Every line of the listing below should be written out exactly, minus its pictures.

(THE RECORDS)

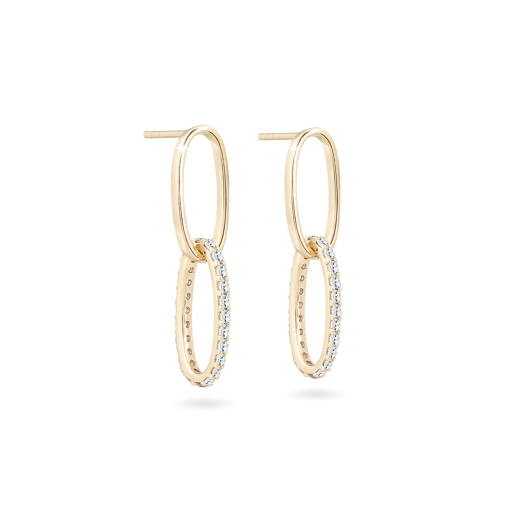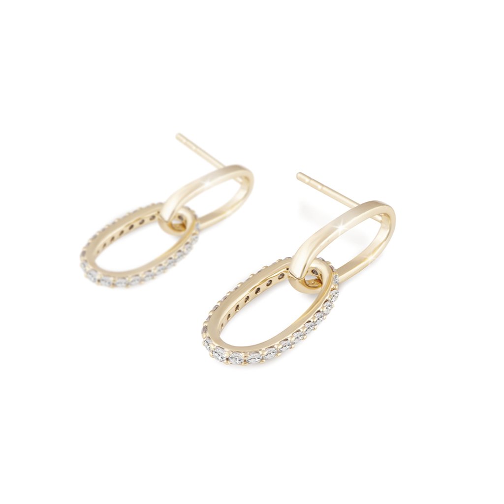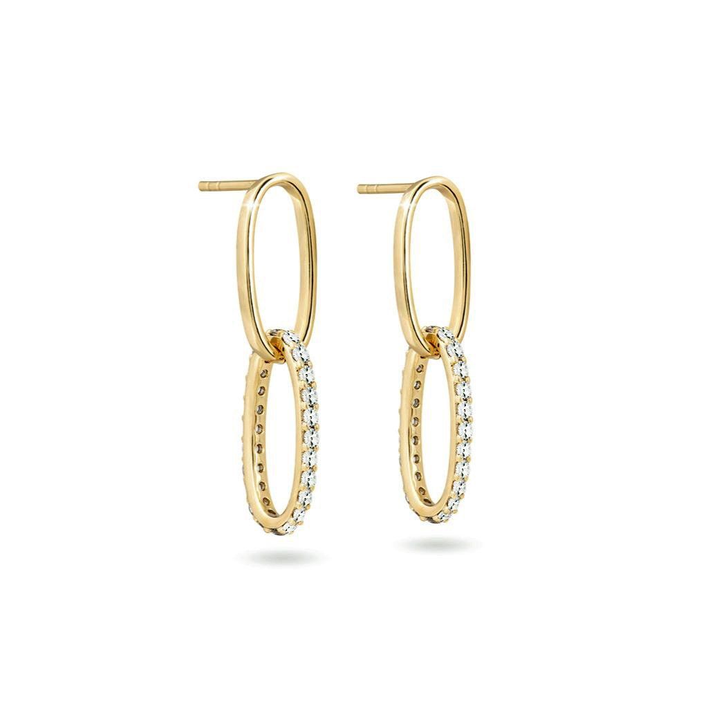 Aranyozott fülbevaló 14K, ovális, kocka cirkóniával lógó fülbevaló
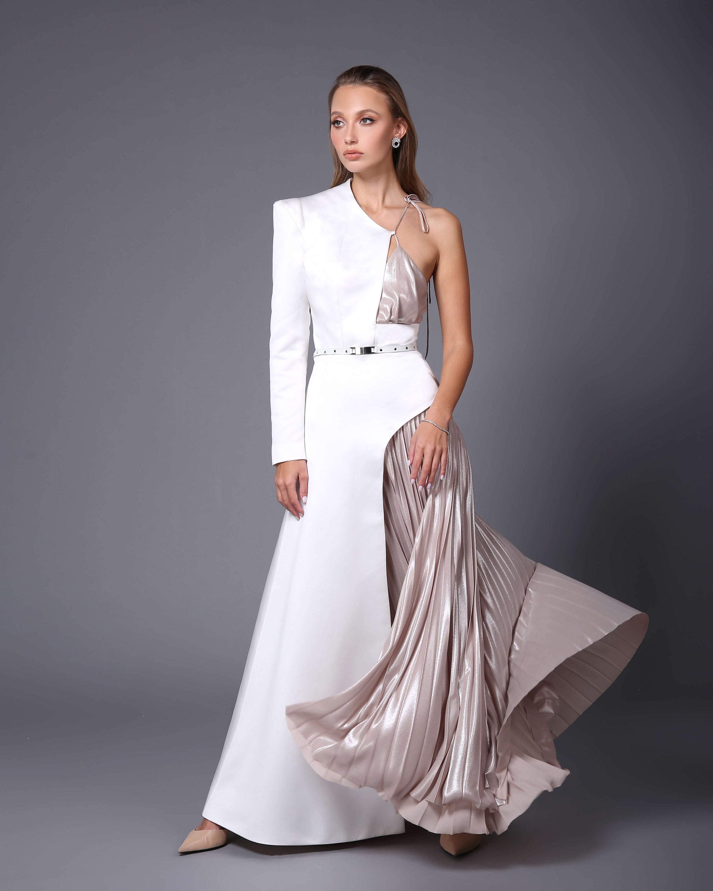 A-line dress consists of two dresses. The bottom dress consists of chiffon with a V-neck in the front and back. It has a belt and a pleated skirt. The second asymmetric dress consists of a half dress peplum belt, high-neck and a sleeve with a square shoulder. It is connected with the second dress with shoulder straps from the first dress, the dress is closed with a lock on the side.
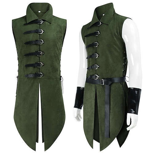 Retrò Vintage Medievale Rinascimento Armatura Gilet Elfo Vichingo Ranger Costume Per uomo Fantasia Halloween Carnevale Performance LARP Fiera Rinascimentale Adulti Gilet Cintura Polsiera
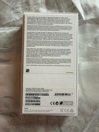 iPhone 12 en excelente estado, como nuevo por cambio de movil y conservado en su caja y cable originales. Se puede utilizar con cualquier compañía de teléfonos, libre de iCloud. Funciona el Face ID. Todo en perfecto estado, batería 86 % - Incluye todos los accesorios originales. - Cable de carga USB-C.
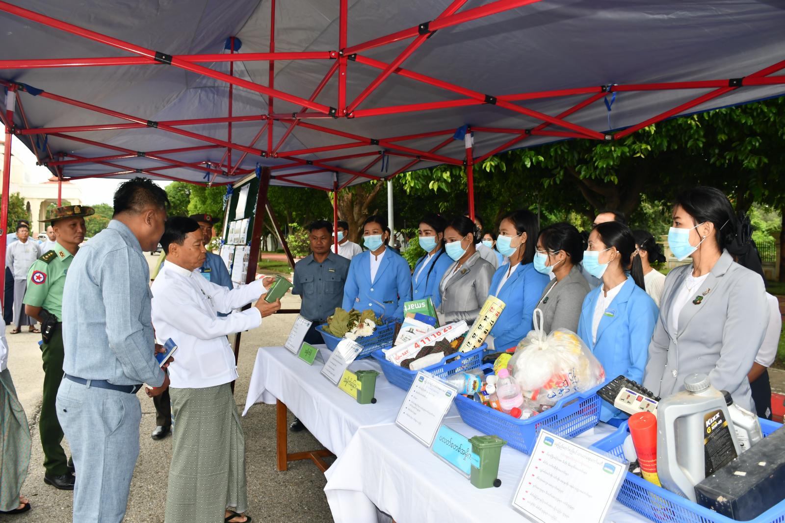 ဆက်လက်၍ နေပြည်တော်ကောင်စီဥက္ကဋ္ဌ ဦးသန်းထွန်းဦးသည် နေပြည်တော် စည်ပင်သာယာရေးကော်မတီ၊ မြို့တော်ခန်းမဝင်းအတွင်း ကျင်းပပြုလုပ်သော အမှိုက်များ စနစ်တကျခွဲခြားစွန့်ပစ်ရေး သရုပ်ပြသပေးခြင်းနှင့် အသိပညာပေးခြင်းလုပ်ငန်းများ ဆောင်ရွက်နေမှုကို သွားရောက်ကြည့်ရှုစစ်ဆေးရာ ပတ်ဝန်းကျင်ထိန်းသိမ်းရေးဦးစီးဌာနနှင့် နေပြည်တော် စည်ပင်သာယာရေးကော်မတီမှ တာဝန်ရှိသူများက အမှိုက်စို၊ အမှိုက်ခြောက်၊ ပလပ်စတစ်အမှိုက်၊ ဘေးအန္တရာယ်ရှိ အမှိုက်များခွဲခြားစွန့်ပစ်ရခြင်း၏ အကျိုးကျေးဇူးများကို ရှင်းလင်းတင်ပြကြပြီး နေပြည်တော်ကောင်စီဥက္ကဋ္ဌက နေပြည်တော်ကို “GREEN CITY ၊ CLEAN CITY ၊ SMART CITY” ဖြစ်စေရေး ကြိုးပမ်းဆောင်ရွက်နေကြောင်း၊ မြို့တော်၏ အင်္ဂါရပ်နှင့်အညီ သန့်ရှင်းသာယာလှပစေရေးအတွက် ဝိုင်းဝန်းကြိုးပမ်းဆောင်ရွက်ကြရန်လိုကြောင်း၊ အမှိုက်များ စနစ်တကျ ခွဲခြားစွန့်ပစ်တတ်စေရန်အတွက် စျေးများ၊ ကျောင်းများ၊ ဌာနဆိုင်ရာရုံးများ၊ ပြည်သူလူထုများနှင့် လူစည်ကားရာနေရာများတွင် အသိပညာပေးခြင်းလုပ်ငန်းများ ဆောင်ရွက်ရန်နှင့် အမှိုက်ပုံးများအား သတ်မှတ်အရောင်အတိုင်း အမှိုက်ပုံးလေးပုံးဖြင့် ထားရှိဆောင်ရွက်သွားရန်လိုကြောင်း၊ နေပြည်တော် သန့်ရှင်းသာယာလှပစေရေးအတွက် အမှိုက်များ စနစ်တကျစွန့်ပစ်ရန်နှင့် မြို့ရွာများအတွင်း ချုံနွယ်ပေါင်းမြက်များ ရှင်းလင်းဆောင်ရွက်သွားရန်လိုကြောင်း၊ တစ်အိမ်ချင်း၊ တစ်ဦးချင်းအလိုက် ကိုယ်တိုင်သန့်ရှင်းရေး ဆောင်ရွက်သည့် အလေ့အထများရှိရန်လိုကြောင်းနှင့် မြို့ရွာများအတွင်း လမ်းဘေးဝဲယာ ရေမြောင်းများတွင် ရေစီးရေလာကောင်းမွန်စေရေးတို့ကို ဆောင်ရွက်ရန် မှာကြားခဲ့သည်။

(End THE RECORDS)

### [SOLUTION FOR THIS PROBLEM]
 Aranyozott fülbevaló 14K, ovális, kocka cirkóniával lógó fülbevaló
 A-line dress consists of two dresses. The bottom dress consists of chiffon with a V-neck in the front and back. It has a belt and a pleated skirt. The second asymmetric dress consists of a half dress peplum belt, high-neck and a sleeve with a square shoulder. It is connected with the second dress with shoulder straps from the first dress, the dress is closed with a lock on the side.
 Retrò Vintage Medievale Rinascimento Armatura Gilet Elfo Vichingo Ranger Costume Per uomo Fantasia Halloween Carnevale Performance LARP Fiera Rinascimentale Adulti Gilet Cintura Polsiera
 iPhone 12 en excelente estado, como nuevo por cambio de movil y conservado en su caja y cable originales. Se puede utilizar con cualquier compañía de teléfonos, libre de iCloud. Funciona el Face ID. Todo en perfecto estado, batería 86 % - Incluye todos los accesorios originales. - Cable de carga USB-C.
 ဆက်လက်၍ နေပြည်တော်ကောင်စီဥက္ကဋ္ဌ ဦးသန်းထွန်းဦးသည် နေပြည်တော် စည်ပင်သာယာရေးကော်မတီ၊ မြို့တော်ခန်းမဝင်းအတွင်း ကျင်းပပြုလုပ်သော အမှိုက်များ စနစ်တကျခွဲခြားစွန့်ပစ်ရေး သရုပ်ပြသပေးခြင်းနှင့် အသိပညာပေးခြင်းလုပ်ငန်းများ ဆောင်ရွက်နေမှုကို သွားရောက်ကြည့်ရှုစစ်ဆေးရာ ပတ်ဝန်းကျင်ထိန်းသိမ်းရေးဦးစီးဌာနနှင့် နေပြည်တော် စည်ပင်သာယာရေးကော်မတီမှ တာဝန်ရှိသူများက အမှိုက်စို၊ အမှိုက်ခြောက်၊ ပလပ်စတစ်အမှိုက်၊ ဘေးအန္တရာယ်ရှိ အမှိုက်များခွဲခြားစွန့်ပစ်ရခြင်း၏ အကျိုးကျေးဇူးများကို ရှင်းလင်းတင်ပြကြပြီး နေပြည်တော်ကောင်စီဥက္ကဋ္ဌက နေပြည်တော်ကို “GREEN CITY ၊ CLEAN CITY ၊ SMART CITY” ဖြစ်စေရေး ကြိုးပမ်းဆောင်ရွက်နေကြောင်း၊ မြို့တော်၏ အင်္ဂါရပ်နှင့်အညီ သန့်ရှင်းသာယာလှပစေရေးအတွက် ဝိုင်းဝန်းကြိုးပမ်းဆောင်ရွက်ကြရန်လိုကြောင်း၊ အမှိုက်များ စနစ်တကျ ခွဲခြားစွန့်ပစ်တတ်စေရန်အတွက် စျေးများ၊ ကျောင်းများ၊ ဌာနဆိုင်ရာရုံးများ၊ ပြည်သူလူထုများနှင့် လူစည်ကားရာနေရာများတွင် အသိပညာပေးခြင်းလုပ်ငန်းများ ဆောင်ရွက်ရန်နှင့် အမှိုက်ပုံးများအား သတ်မှတ်အရောင်အတိုင်း အမှိုက်ပုံးလေးပုံးဖြင့် ထားရှိဆောင်ရွက်သွားရန်လိုကြောင်း၊ နေပြည်တော် သန့်ရှင်းသာယာလှပစေရေးအတွက် အမှိုက်များ စနစ်တကျစွန့်ပစ်ရန်နှင့် မြို့ရွာများအတွင်း ချုံနွယ်ပေါင်းမြက်များ ရှင်းလင်းဆောင်ရွက်သွားရန်လိုကြောင်း၊ တစ်အိမ်ချင်း၊ တစ်ဦးချင်းအလိုက် ကိုယ်တိုင်သန့်ရှင်းရေး ဆောင်ရွက်သည့် အလေ့အထများရှိရန်လိုကြောင်းနှင့် မြို့ရွာများအတွင်း လမ်းဘေးဝဲယာ ရေမြောင်းများတွင် ရေစီးရေလာကောင်းမွန်စေရေးတို့ကို ဆောင်ရွက်ရန် မှာကြားခဲ့သည်။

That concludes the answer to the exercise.